Intergenerational solidarity is required in all societies as a vital element of intergenerational relationships. It connects age-others who share common values and interests, feelings of affection and affinity, mutual care, responsibility and protection, thereby fostering the transfer of cumulative knowledge, experience and culture essential to human development. As such, intergenerational solidarity is a vital mechanism ensuring survival of the human species. The intensification of effective intergenerational affiliations is increasingly urgent in the face of global aging, changes in family structure, transnational family separation, precariatism, and political trends pitting younger and older generations against each other. The publications generated by the grant break new ground by exploring approaches to texts, authors, readers and scholarship itself that examine the diversity of intergenerational connections represented in children’s literature as expanding the typical understanding of children’s texts as educational tools used to influence young generations. These publications provide evidence for the socio-cultural and political importance of children’s culture in the development of intergenerational solidarity and empathy towards age-others. Finally, they innovatively position the field of children’s literature studies as a site of cross-generational bonds, creating possibilities for a socially impactful inquiry into the culture of childhood.
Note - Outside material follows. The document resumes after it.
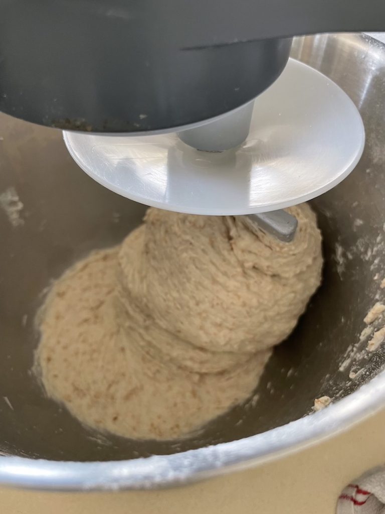 Knead in Kenwood mixer on very low speed for 5 - 6 minutes. Or tip dough onto counter and knead for about 10 minutes.

The opening of academia to children’s ideas concerning research process, achieved in the course of the projects co-conducted with child researchers, constitutes further evidence for the validity of children’s literature scholarship practised against the dominating binaries of childhood and adulthood. As both projects have shown, scholarship conducted through creating a community involving children and adults (researchers, educators, parents), through an engagement with this community and through collective action performed by its members, results in ontoepistemic equality contributing to intergenerational solidarity. Both lines of inquiry pursued in the grant have not only created an innovative academic approach to children’s literature studies, but have also shown how this dynamically developing field addresses the current need for stronger social cohesion across generations.